Writing a new value consists of ignoring the input state, and placing the provided new value into the output state:

def set (s : σ) : State σ Unit :=
  fun _ => (s, ())

Finally, two computations that use state can be sequence by finding both the output state and return value of the first function, then passing them both into the next function:

def andThen (first : State σ α) (next : α → State σ β) : State σ β :=
  fun s =>
    let (s', x) := first s
    next x s'

infixl:55 " ~~> " => andThen

Using State and its helpers, local mutable state can be simulated:

def number (t : BinTree α) : BinTree (Nat × α) :=
  let rec helper : BinTree α → State Nat (BinTree (Nat × α))
    | BinTree.leaf => ok BinTree.leaf
    | BinTree.branch left x right =>
      helper left ~~> fun numberedLeft =>
      get ~~> fun n =>
      set (n + 1) ~~> fun () =>
      helper right ~~> fun numberedRight =>
      ok (BinTree.branch numberedLeft (n, x) numberedRight)
  (helper t 0).snd

Because State simulates only a single local variable, get and set don't need to refer to any particular variable name.

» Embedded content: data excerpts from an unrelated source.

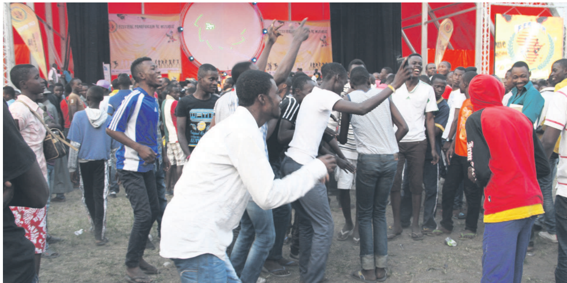
La joie des Brazzavillois lors d'une des éditions du spam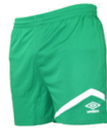
Vert / Blanc 701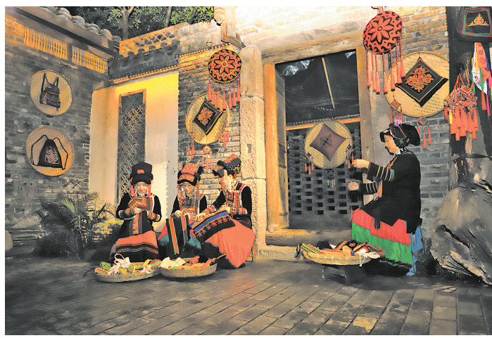
记忆峨边——沉浸式文化演出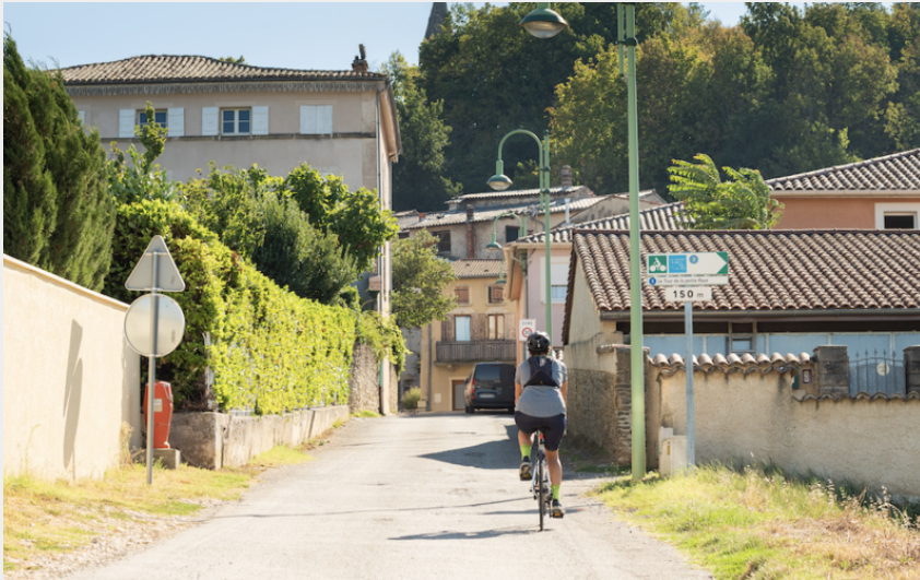
Le tour de la petite Raye (Dominique Guillot)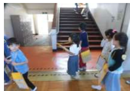
探検バッグを持って学校探検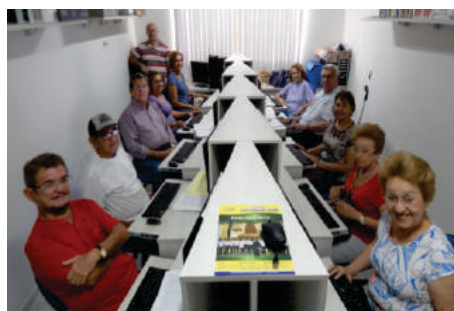
Curso de Informática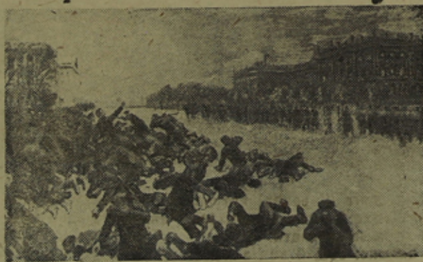
Расстрел у Зимнего Дворца

ским агентом—поном Гапоном, эта масса рабочих была убеждена, что есть мирный, "законный" бескровный путь избавления от рабочего рабства, нищеты и жесточайшей капиталистической эксплуатации. Достаточно послать "ходателей" от народа к царю или самим двинуться с покорными просьбами к царю, — и все пойдет по-иному. Так думали эти рабочие. Только ценой величайших потерь рабочие избавились от заблуждений. Расстреливая мирных, безоружных людей кровавыми псы царизма рассчитывали запугать пролетариат, но они просчитались.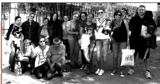
Grupo Acción Formativa

La Red de Apoyo Mútuo de Cáritas Diocesana de la Raya, a la que pertenece Cáritas Ciudad Rodrigo, acaba de publicar un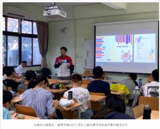
中國科大服務人員、經濟學系與社會工作系社會服務與社區發展中心合作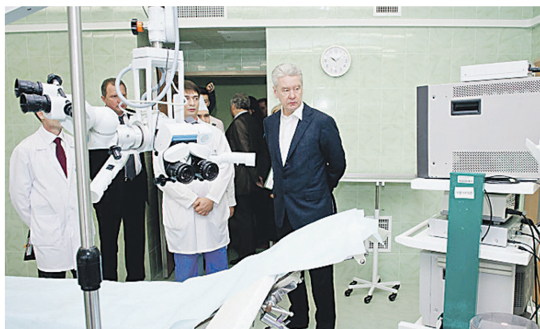
Мэр Москвы Сергей Собянин во время посещения ГКБ №12.

Половину большого и единственного корпуса учреждения занимает хирургическая служба. Хирургия всегда была здесь на высоком уровне, а с вводом новых технологий по программе развития здравоохранения она приобрела совсем иное качество. Больница специализируется на таких направлениях, как микрохирургия глаза, гинекология, травматология, установка протезов коленного, тазобедренного, локтевого, плечевого суставов, нейрохирургия. Здесь проводят операции на головном мозге и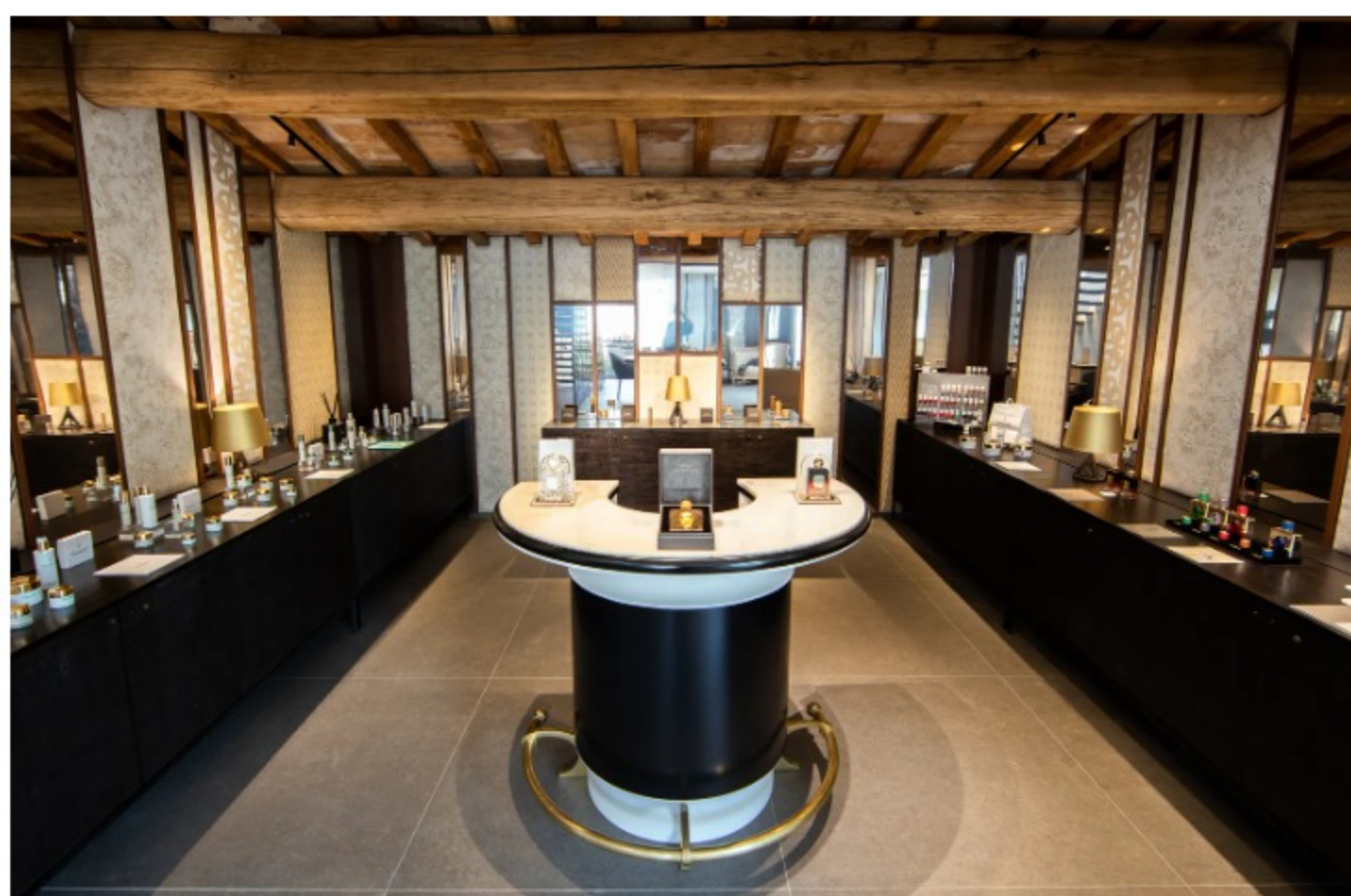
Spa Olivier Claire au Château de la Gaudé, 3059 route des Pinchinats, 13100 Aix-en-Provence. Réservations au 04 84 930 932 et contact@chateauadelagaude.com

Dans la droite lignée de l'esprit des lieux, Olivier Claire imagine une série de protocoles de haute volée, dont certains en exclusivité. C'est le cas du Soin Haute Couture (105 min, 285 €), qui conjugue l'excellence des formules de la marque à une gestuelle sur-mesure, pour réoxygéner la moindre cellule du visage. Ou encore, le Soin Collection Capsule B . (115 min, 310 €), qui s'attelle à détendre et régénérer le corps en entier. Avec une mention spéciale pour le Soin Visage Hydratation Intense (75 min, 190 €) pour repulper les épidermes assoiffés après une journée au soleil.

Monads: A Functional Design Pattern

Each of these examples has consisted of:

  • A polymorphic type, such as Option, Except ε, WithLog logged, or State σ
  • An operator andThen that takes care of some repetitive aspect of sequencing programs that have this type
  • An operator ok that is (in some sense) the most boring way to use the type
  • A collection of other operations, such as none, fail, save, and get, that name ways of using the type

This style of API is called a monad. While the idea of monads is derived from a branch of mathematics called category theory, no understanding of category theory is needed in order to use them for programming. The key idea of monads is that each monad encodes a particular kind of side effect using the tools provided by the pure functional language Lean. For example, Option represents programs that can fail by returning none, Except represents programs that can throw exceptions, WithLog represents programs that accumulate a log while running, and State represents programs with a single mutable variable.